Tout est choquant dans ces interventions de Guy Bedos et de Yannick Noah dans le débat politique, interventions abondamment relayées par les médias (bien sûr, car tout est cousu de fil blanc).

Voilà deux quidams, dont l’un est un batteur d’estrades et l’autre un joueur de tennis (dont on nous annonce, fort à propos, qu’il vient de prendre la succession d’un joueur de ballon, comme « personnalité préférée des français ») qui interviennent de façon si spontanée, pour nous annoncer qu’ils « entrent en résistance » (! ?), ou qu’ils sont « choqués » (! ?) par le Président élu par le Peuple Français.

Fort bien.

Mais pourraient-ils nous dire à quel titre ils s’expriment ainsi ? Et qui sont leurs sponsors ?

Qu’ils ne nous répondent pas qu’ils s’expriment en tant que simple citoyen, car il est extrèmement douteux qu’un simple citoyen puisse voir ses déclarations reprises par l’ensemble de la Presse, et parce que ce simple citoyen s’est exprimé de façon plus discrète, mais aussi plus décisive, en plaçant son bulletin dans une urne il y a quelques mois, afin d’élire le candidat de son choix.

Ce candidat qui déplait tant à nos deux lascars, justement.
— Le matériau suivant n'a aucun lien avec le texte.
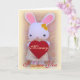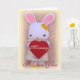 The cutest baby Bunny holding a red heart is ready to wish your mum happy Mother's day. She is white with big pink ears, she wears an elegant little dress and yellow shoes. She has beautiful yellow flowers on her head and she holds a big red heart in her little hands, on the background a colourful wallpaper. She makes this greeting card absolutely adorable. The card comes with the text "Mummy, I love you" but you can change it if you like. Don't forget to customise the text inside the card and make it personal. The bunny and the heart are my original creations. Lulu the bunny can be viewed in my online store AresCrea on Meylah.com

Nos deux escrocs s’expriment donc en tant que citoyens dont les voix ont, à leur avis et à celui de leurs sponsors politiques, plus de portée qu’une autre et le but de cette affaire est d’influencer, et donc de manipuler l’opinion publique.

Tout ceci ne parait pas très démocratique.
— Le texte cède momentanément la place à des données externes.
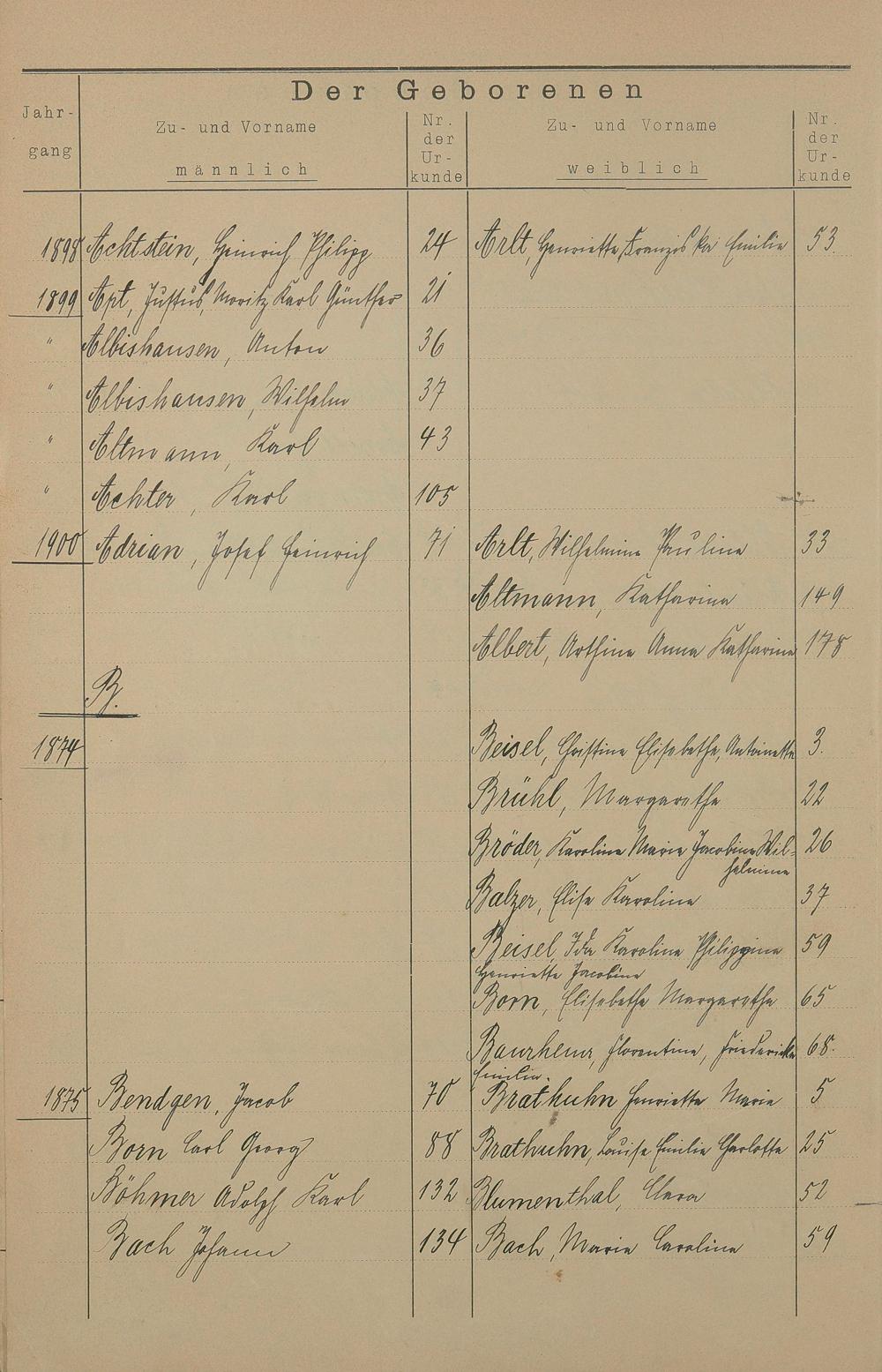 1554: Register A - Z zum Geburtsregister 1874-1900

Nous avons donc affaire, comme toujours, à cette petite caste politico-médiatique du Boulevard Saint-Germain, qui habite dans un cercle de deux cents mètres de rayon dont le centre est posé sur le clocher de l’eglise de Saint-Germain-des-Prés, et qui a confisqué tous les moyens d’expression en peuplant toutes les salles de Rédaction de la Presse Parisienne, depuis la télé, jusqu’aux quotidiens et aux magazines, en passant par la radio.

Une petite caste parfaitement antidémocratique, qui enrage de voir ses candidates, ou candidats, aux Présidentielles rejettés avec une régularité de métronome par le suffrage universel. Ségolène Royal, après Lionel Jospin.